[Start of section]

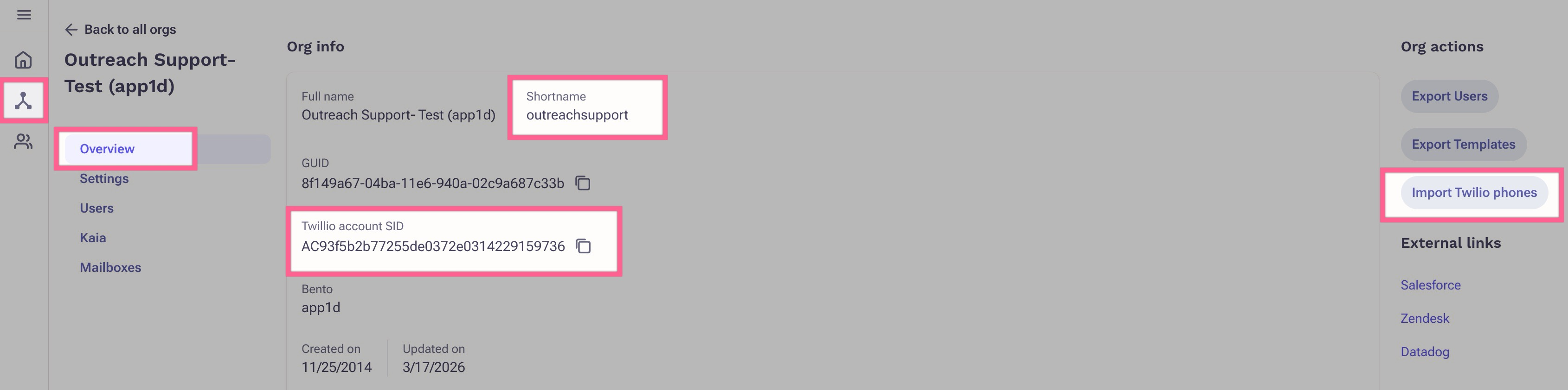 - Once you're updated with Twilio and they confirm the numbers have been purchased and processed, go to the Org in the Support Admin Portal, and on the Overview page, click on Import Twilio phones to import those Twilio numbers into their Outreach instance.
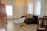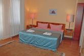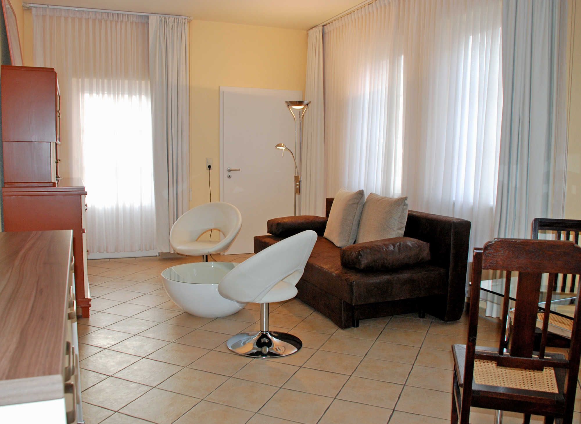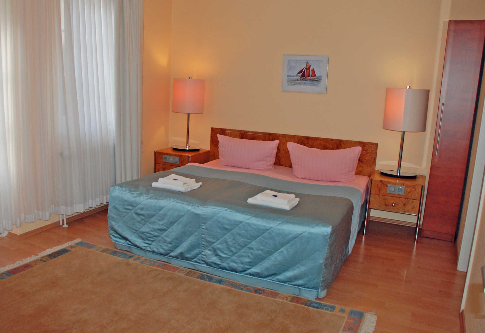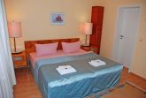 Die Ferienwohnung liegt im Hotelgebäude und verfügt über einen separaten Eingang. Sie ist ca. 36 qm groß, hat Platz für maximal 3 Erwachsene und wurde modern und hochwertig eingerichtet. Im Wohnraum befinden sich eine bequeme Sitzcouch mit Tisch und ein modernes Flachbild-TV-Gerät. Hier steht auch ein Esstisch mit Stühlen. Die moderne Küchenzeile ist mit einem Herd, Mikrowelle, Wasserkocher, Kaffeemaschine, Toaster und Kühlschrank komplett ausgestattet. Das großzügige Schlafzimmer ist mit einem bequemen Doppelbett mit Nachttischen und Leselampen sowie einem Kleiderschrank ausgestattet.
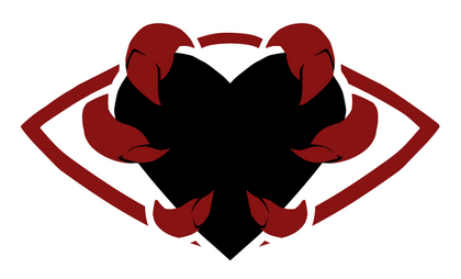 Black - Darkness is feared by many. There's not necessarily a reason to the fear of the dark itself without outside factors such as what's in it, but people do fear it still because of what it's associated with anyway.Red - All the common stuff, blood, gore--those are things that unite our bodies as being all similar, in a way. Our physical bodies all have blood. Symbolises fear, but also symbolises love, which in context is love of one's self and others like you. Also can symbolise anger at those who reject you.White - Bones and ghosts, scary things like that which are still related to people in general, but also is a kind of neutral colour. A combination of all colours in the visible spectrum of light, representing unity in difference.Heart - Symbol of love, coloured black to represent love of those things that commonly are feared via association, though might not always have the need to be.Claws - Grasping the heart and as monstrous as ever, obtaining and holding and protecting the love that the feared deserve. Red to represent love but also anger directed outward as protection. No marks on the heart and no injury to it despite the claws, because even those with razor sharp talons can use them tenderly.Eye - Involved in common horror tropes, but also represents the noticing and awareness of the way society goes about the "other", and due to its placement that aligns the heart as the pupil/iris, watching over those society deems "scary" with loving intent, terror-inducing traits and all. Red for the same reason as the claws.Alternate, simplified symbols below.

[End of section]

§ Exercise brief: For this exercise, return the material word for word and drop each image.

§ Solution to the exercise:
 - Once you're updated with Twilio and they confirm the numbers have been purchased and processed, go to the Org in the Support Admin Portal, and on the Overview page, click on Import Twilio phones to import those Twilio numbers into their Outreach instance.
 Die Ferienwohnung liegt im Hotelgebäude und verfügt über einen separaten Eingang. Sie ist ca. 36 qm groß, hat Platz für maximal 3 Erwachsene und wurde modern und hochwertig eingerichtet. Im Wohnraum befinden sich eine bequeme Sitzcouch mit Tisch und ein modernes Flachbild-TV-Gerät. Hier steht auch ein Esstisch mit Stühlen. Die moderne Küchenzeile ist mit einem Herd, Mikrowelle, Wasserkocher, Kaffeemaschine, Toaster und Kühlschrank komplett ausgestattet. Das großzügige Schlafzimmer ist mit einem bequemen Doppelbett mit Nachttischen und Leselampen sowie einem Kleiderschrank ausgestattet.
 Black - Darkness is feared by many. There's not necessarily a reason to the fear of the dark itself without outside factors such as what's in it, but people do fear it still because of what it's associated with anyway.Red - All the common stuff, blood, gore--those are things that unite our bodies as being all similar, in a way. Our physical bodies all have blood. Symbolises fear, but also symbolises love, which in context is love of one's self and others like you. Also can symbolise anger at those who reject you.White - Bones and ghosts, scary things like that which are still related to people in general, but also is a kind of neutral colour. A combination of all colours in the visible spectrum of light, representing unity in difference.Heart - Symbol of love, coloured black to represent love of those things that commonly are feared via association, though might not always have the need to be.Claws - Grasping the heart and as monstrous as ever, obtaining and holding and protecting the love that the feared deserve. Red to represent love but also anger directed outward as protection. No marks on the heart and no injury to it despite the claws, because even those with razor sharp talons can use them tenderly.Eye - Involved in common horror tropes, but also represents the noticing and awareness of the way society goes about the "other", and due to its placement that aligns the heart as the pupil/iris, watching over those society deems "scary" with loving intent, terror-inducing traits and all. Red for the same reason as the claws.Alternate, simplified symbols below.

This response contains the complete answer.